Optimizing PCB DFM Guidelines

By Max Clark

Daily I receive emails containing links from PCB supplier offering quick quotes, free DFM analysis, and so on.  The emails with the subject line correspond to something like a “PCB data checklist” I typically find interesting because the topic is usually related to the use of an intelligent “digital twin” leading to the production of a completed PCB.  All the other topics and offerings are forms of enticement to engage in business with one supplier over another.

A Typical PCB DFM Checklist

Many of these checklists to this day begin with a list of layers that need to be transferred into production as a set of files.

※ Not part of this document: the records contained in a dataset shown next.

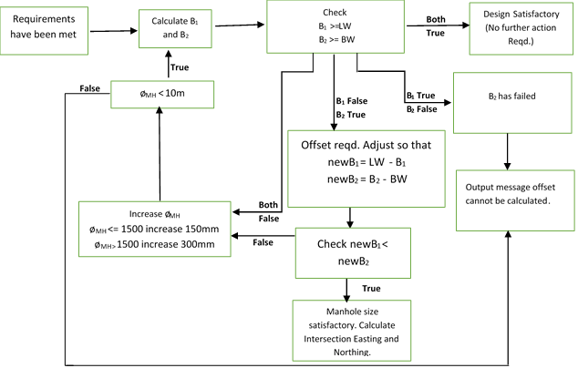 As seen by the above routine the offset either fails and outputs a message, does not require an offset as there is already enough space or calculates a new Intersection Easting and Northing as the offset has been successful.
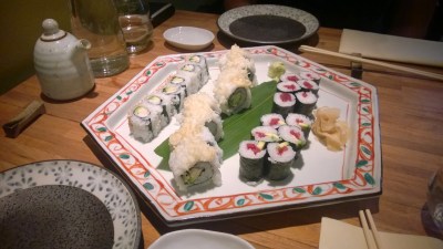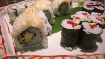| Pladenj zvitkov z rakci, tuno in avokadom Sushimama, Ljubljana, Slovenija |
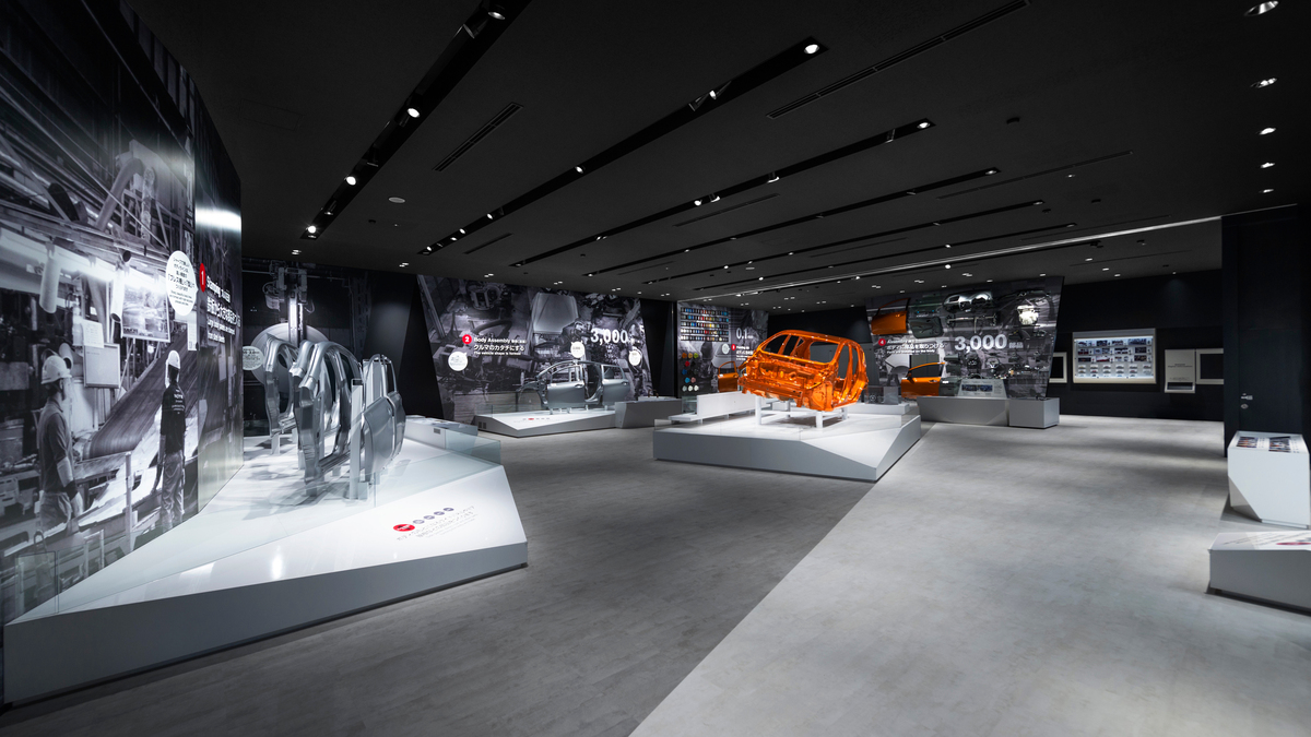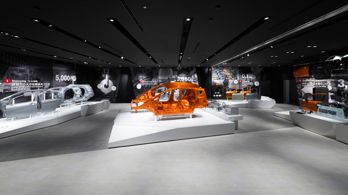 展示ホールは、「プレス」、「車体組み立て(溶接)」、「塗装」、「車両組み立て」、「検査」の5つの工程を、作業場面を切り取ったフレームのような展示ステージで構成している。それぞれのステージでは実物を展示し、触れて体験できるものもある。

  • One Gerber file for each copper layer.
  • One Gerber file for each solder mask layer.
  • One Gerber file for each silk screen layer.
  • One Excellon file for each drill span layer.
  • Fabrication instructions preferable in Gerber.
  • In Gerber 274X format when possible.
  • Netlist file in IPC-D356 or 356A.

The checklist continues to state that the fabrication instructions need to contain the following.

  • One table defining the requirements for each drill span.
  • Dimensioned drawing representing the board outline.
  • Stackup and impedance targets.
  • Other specifics such as solder mask and silk screen colors, surface finish, UL requirements, IPC requirements, panelization information, and so much more.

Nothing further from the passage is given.